» **Exercise details**:
Your answer must be the exact lines below, starting with the line with "v súvislosti s" and going on through the line with "ପହଞ୍ଚି ଆଇନ ଶୁଖିଳା ପରିସ୍ଥିତିକୁ ନିୟନ୍ତ୍ରଣ କରିବା", both included, with no pictures.

» **Supplied entries**:
▼▼▼

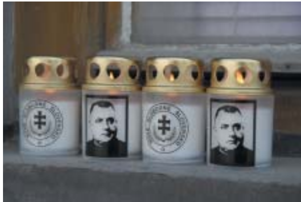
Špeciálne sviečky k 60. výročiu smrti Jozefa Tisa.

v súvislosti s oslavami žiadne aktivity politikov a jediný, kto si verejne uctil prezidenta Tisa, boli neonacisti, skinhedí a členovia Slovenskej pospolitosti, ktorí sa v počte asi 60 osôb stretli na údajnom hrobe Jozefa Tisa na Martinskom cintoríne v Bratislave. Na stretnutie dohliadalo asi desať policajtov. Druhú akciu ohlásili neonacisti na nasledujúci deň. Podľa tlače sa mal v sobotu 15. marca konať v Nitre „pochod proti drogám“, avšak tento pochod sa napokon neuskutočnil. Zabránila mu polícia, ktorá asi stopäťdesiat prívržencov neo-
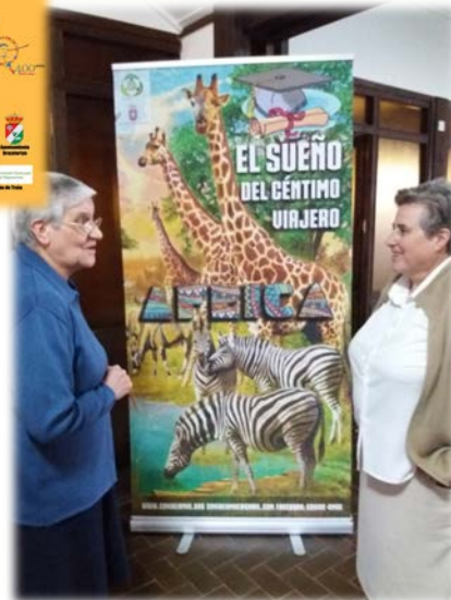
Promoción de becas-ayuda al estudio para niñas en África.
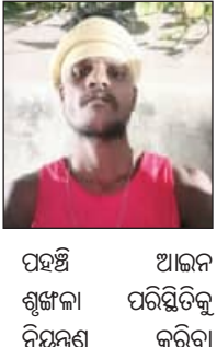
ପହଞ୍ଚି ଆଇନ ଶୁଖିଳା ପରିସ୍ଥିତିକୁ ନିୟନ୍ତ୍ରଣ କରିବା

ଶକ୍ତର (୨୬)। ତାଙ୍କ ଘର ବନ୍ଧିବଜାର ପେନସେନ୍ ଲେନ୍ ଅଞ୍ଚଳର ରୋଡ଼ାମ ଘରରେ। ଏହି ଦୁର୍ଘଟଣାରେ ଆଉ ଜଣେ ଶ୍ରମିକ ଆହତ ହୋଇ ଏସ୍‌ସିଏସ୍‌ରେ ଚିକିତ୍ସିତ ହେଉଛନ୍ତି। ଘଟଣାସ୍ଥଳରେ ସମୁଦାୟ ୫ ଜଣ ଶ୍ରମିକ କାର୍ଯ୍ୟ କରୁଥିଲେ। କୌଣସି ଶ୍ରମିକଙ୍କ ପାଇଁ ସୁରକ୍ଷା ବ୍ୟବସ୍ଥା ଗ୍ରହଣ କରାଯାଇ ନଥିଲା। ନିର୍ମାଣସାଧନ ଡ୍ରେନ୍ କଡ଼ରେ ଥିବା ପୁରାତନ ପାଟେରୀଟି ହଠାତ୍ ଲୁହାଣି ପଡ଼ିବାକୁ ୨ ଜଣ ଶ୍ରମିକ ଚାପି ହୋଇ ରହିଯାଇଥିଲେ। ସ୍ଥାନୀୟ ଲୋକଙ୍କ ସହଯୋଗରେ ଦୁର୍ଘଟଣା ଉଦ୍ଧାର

▲▲▲
▼▼▼

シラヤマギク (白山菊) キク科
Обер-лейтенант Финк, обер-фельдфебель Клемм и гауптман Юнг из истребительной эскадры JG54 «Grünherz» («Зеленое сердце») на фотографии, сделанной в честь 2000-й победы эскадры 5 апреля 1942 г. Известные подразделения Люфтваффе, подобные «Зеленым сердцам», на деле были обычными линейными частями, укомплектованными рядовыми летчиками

▲▲▲

» **Reply to the exercise**:
v súvislosti s oslavami žiadne aktivity politikov a jediný, kto si verejne uctil prezidenta Tisa, boli neonacisti, skinhedí a členovia Slovenskej pospolitosti, ktorí sa v počte asi 60 osôb stretli na údajnom hrobe Jozefa Tisa na Martinskom cintoríne v Bratislave. Na stretnutie dohliadalo asi desať policajtov. Druhú akciu ohlásili neonacisti na nasledujúci deň. Podľa tlače sa mal v sobotu 15. marca konať v Nitre „pochod proti drogám“, avšak tento pochod sa napokon neuskutočnil. Zabránila mu polícia, ktorá asi stopäťdesiat prívržencov neo-
Promoción de becas-ayuda al estudio para niñas en África.
ପହଞ୍ଚି ଆଇନ ଶୁଖିଳା ପରିସ୍ଥିତିକୁ ନିୟନ୍ତ୍ରଣ କରିବା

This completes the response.